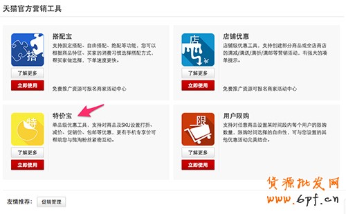 先在進(jìn)入到商家后臺(tái)左側(cè)的【天貓官方營銷工具】選擇【特價(jià)寶】
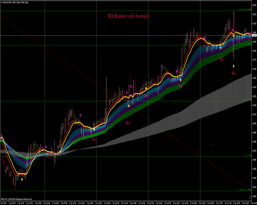 MA Rainbow dengan Asctrend adalah strategi mengikuti tren berdasarkan serangkaian moving average.
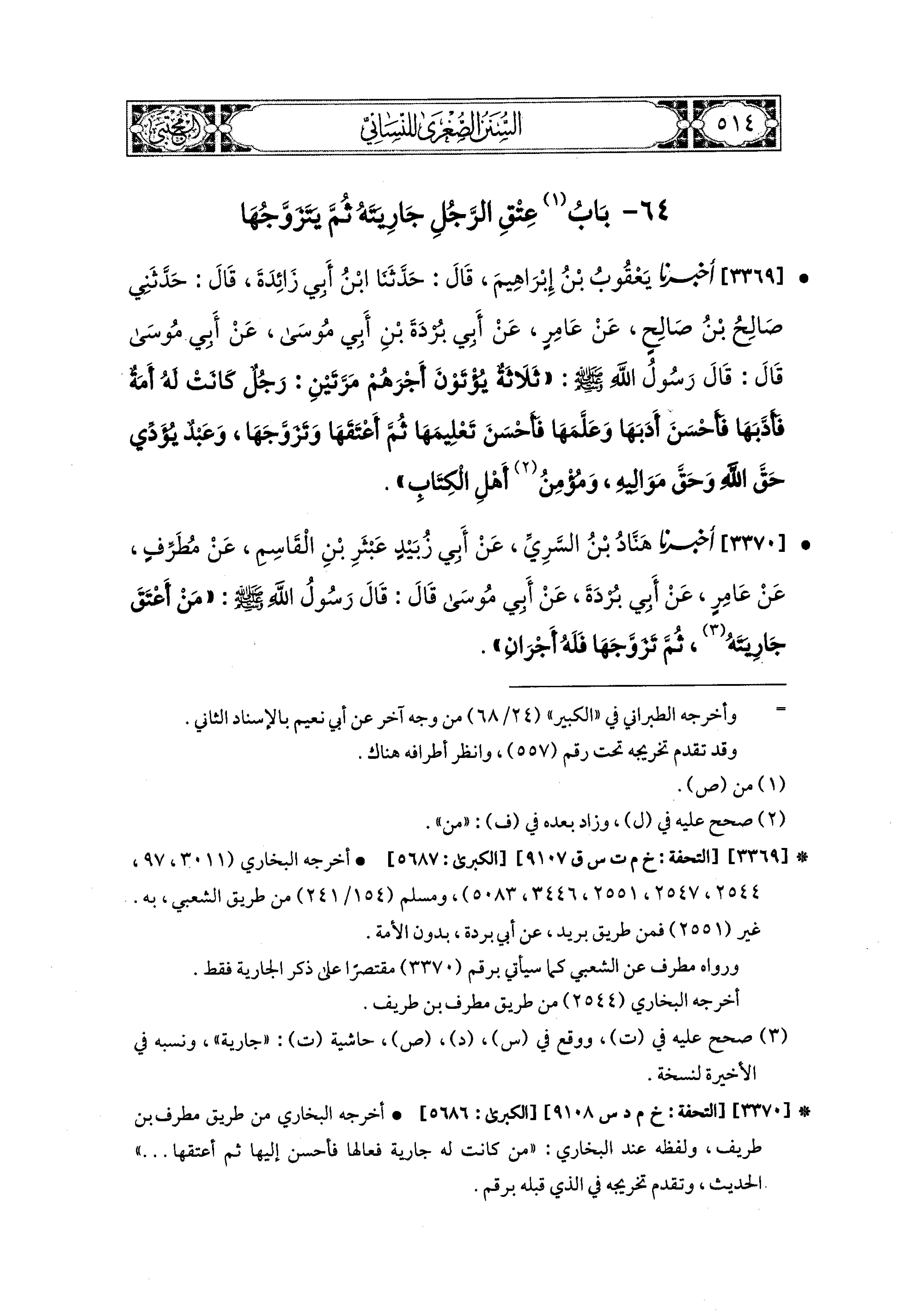 3370 - أَخبَرَنا هَنَّادُ بْنُ السَّرِيِّ، عَن أَبي زُبَيْدٍ عَبْثَرُ بْنُ القَاسِمِ، عَن مُطَرِّفٍ، عَن عَامِرٍ، عَن أَبي بُرْدَةَ، عَن أَبي مُوسَى، قَالَ: قَالَ رَسُولُ اللهِ صَلى الله عَليه وسَلم: مَنْ أَعْتَقَ جَارِيَتَهُ، ثُمَّ تَزَوَّجَهَا فَلَهُ أَجْرَانِ.
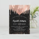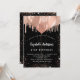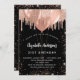 En svart bakgrund. Dekorerad med ro guld, faux glitter-droppar, färgdroppstift och ballonger. Anpassa och lägg till uppgifter om namn, ålder 21 och party. Namn är skrivet med ett handskript i stil
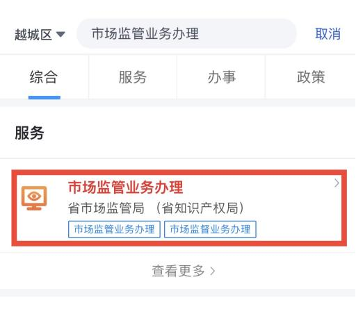 下載“浙里辦”APP并登錄,搜索“市場監(jiān)管業(yè)務(wù)辦理”,根據(jù)所需辦理業(yè)務(wù)進行選擇。
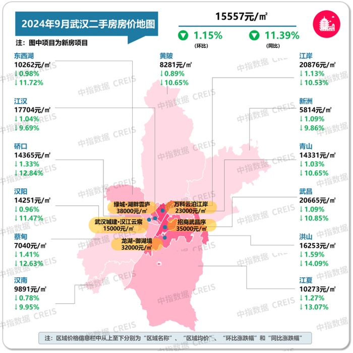 图:2024年9月武汉各市辖区二手住宅挂牌均价及环同比
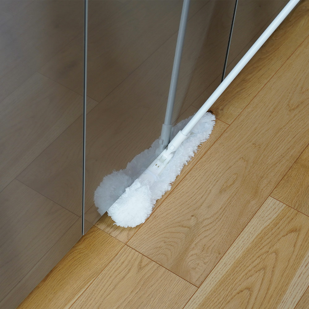 細長でスリムなモップ形状なので、せまいところのお掃除にも適しています。また、掃くように動かせば、拭きにくいテーブルまわりや階段も簡単にお掃除できます。
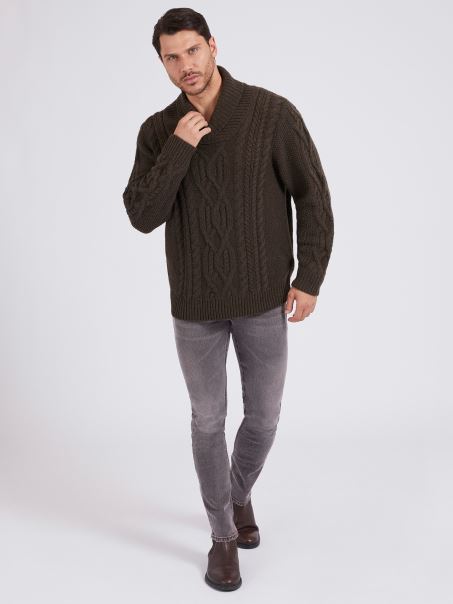 Pulover Tricot Cablu Din Amestec De Lana Guess Maro Inchis
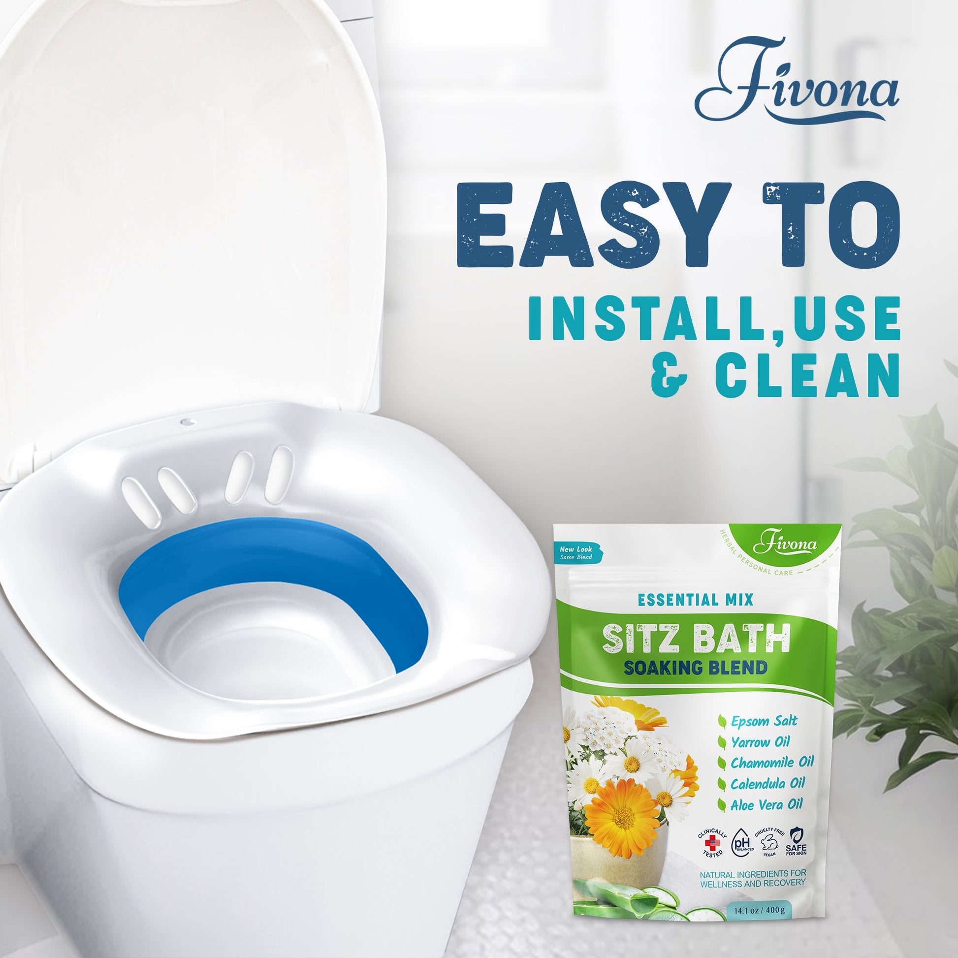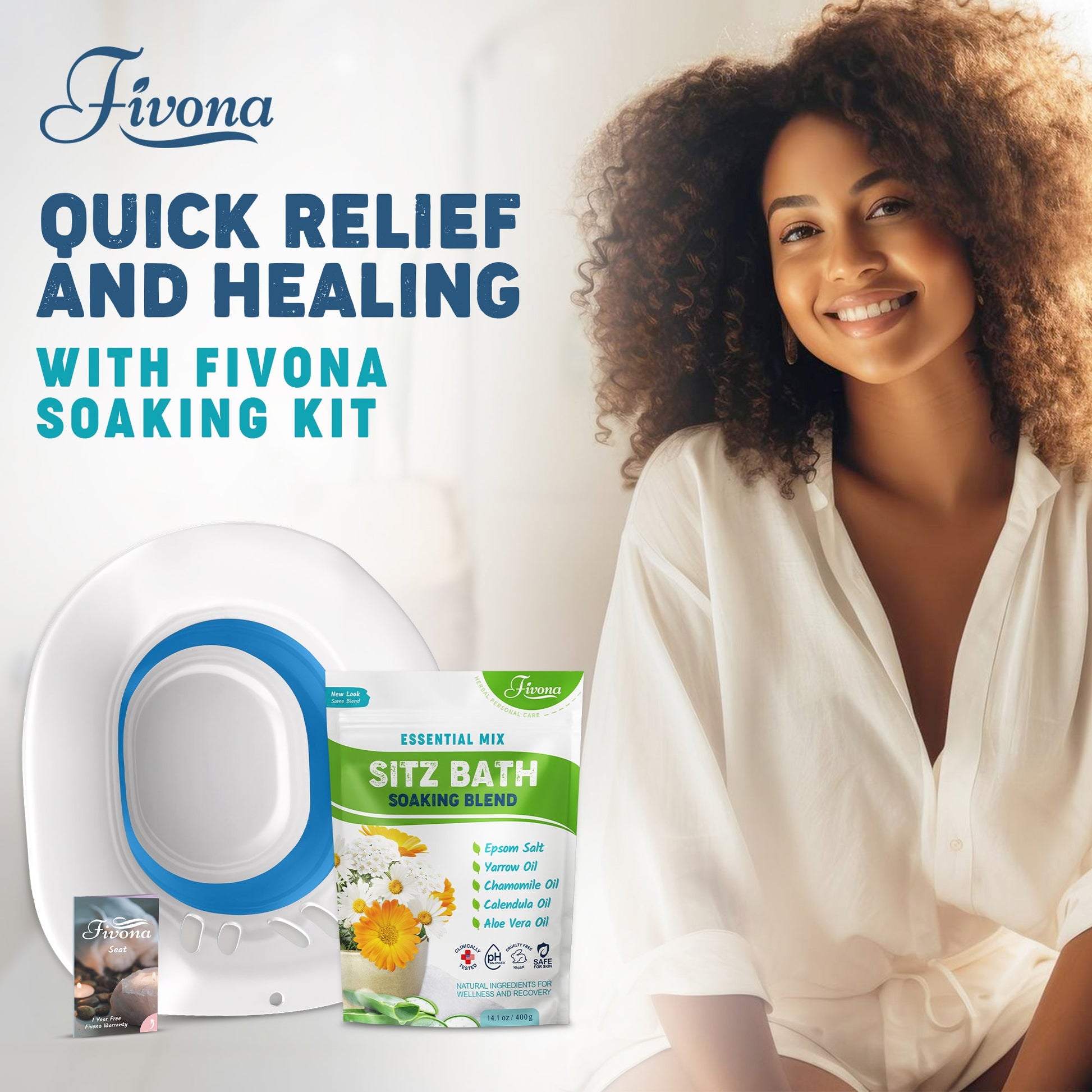 Fivona 2 in 1 Sitz Bath Soak Kit Bundle of Expandable Unisex Seat and Fivona Epsom Salt with Pure Essential Oils Soaking Blend
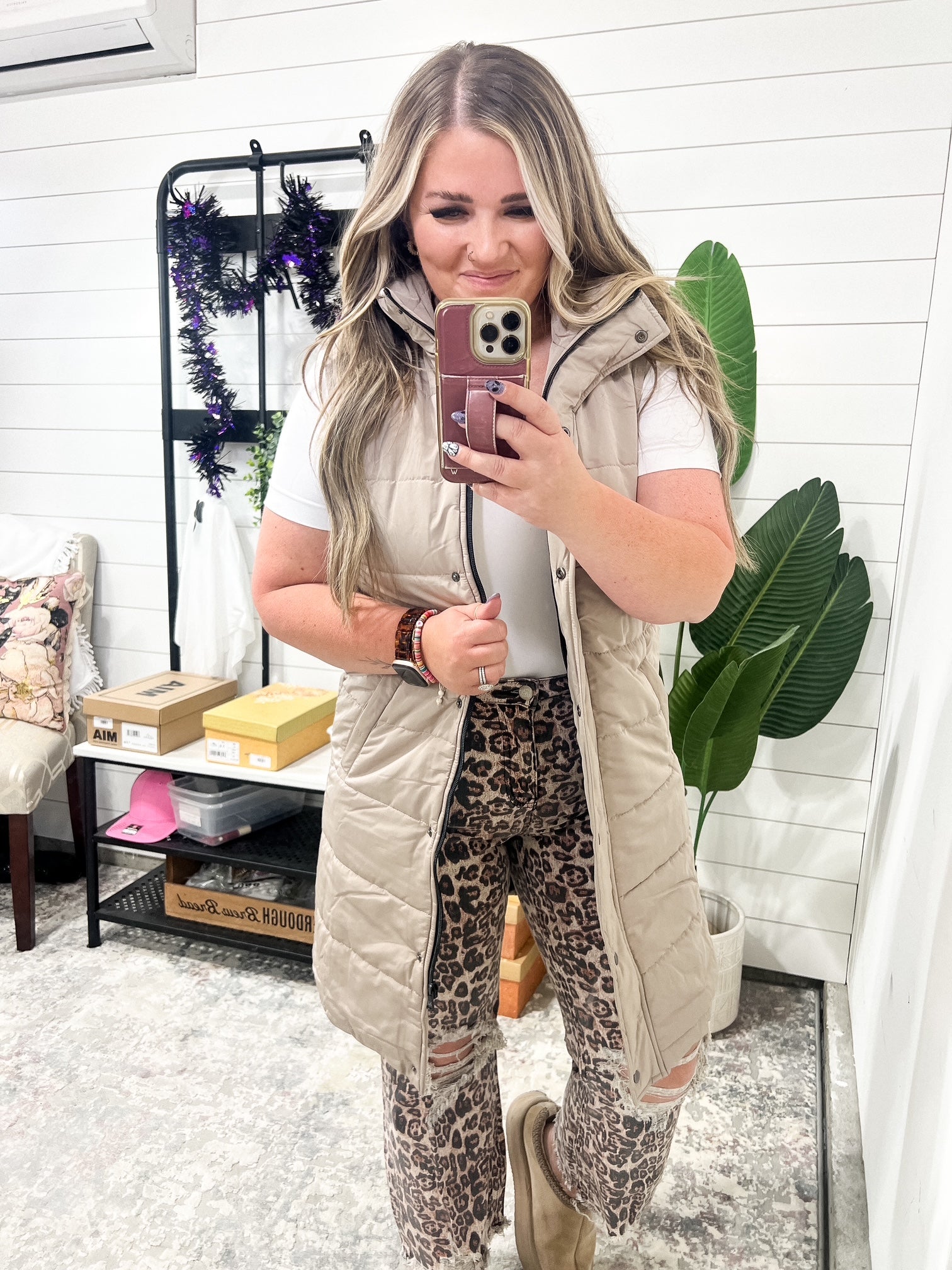 Introducing the Harlow Long Vest in Latte! With its convenient pockets, zipper and button closure and versatile pairing options with our Leah or Larissa tops, this vest is a must-have for any wardrobe. Get ready to fall in love and complete your fall and winter looks!
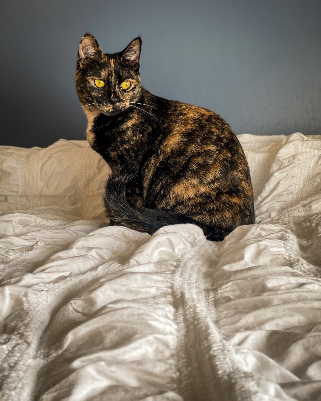 She is happy to be patted while she is eating or if you have a handful of treats but is still nervous when you just walk up to her and try and pat her. She happily plays around you and cuddles up on the end of the bed with you so with a little patience we are sure she will be coming up for cuddles on her own in no time.
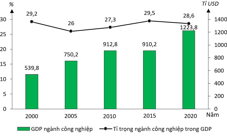 Cho bảng số liệu: GDP ngành công nghiệp và tỉ trọng ngành công nghiệp
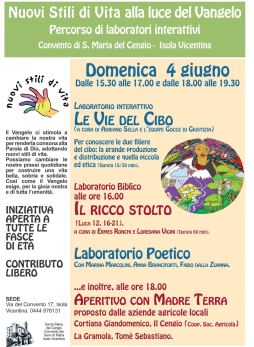 Domenica 4 giugno ci sarà l’ultima tappa del percorso Nuovi Stili di Vita e Vangelo, presso

________________________________________

- _What you should do_:
Reproduce the opening lines of the material above exactly, ending with the line that contains "MA Rainbow dengan". Omit every picture.

- _Answer to the exercise_:
 先在進(jìn)入到商家后臺(tái)左側(cè)的【天貓官方營銷工具】選擇【特價(jià)寶】
 MA Rainbow dengan Asctrend adalah strategi mengikuti tren berdasarkan serangkaian moving average.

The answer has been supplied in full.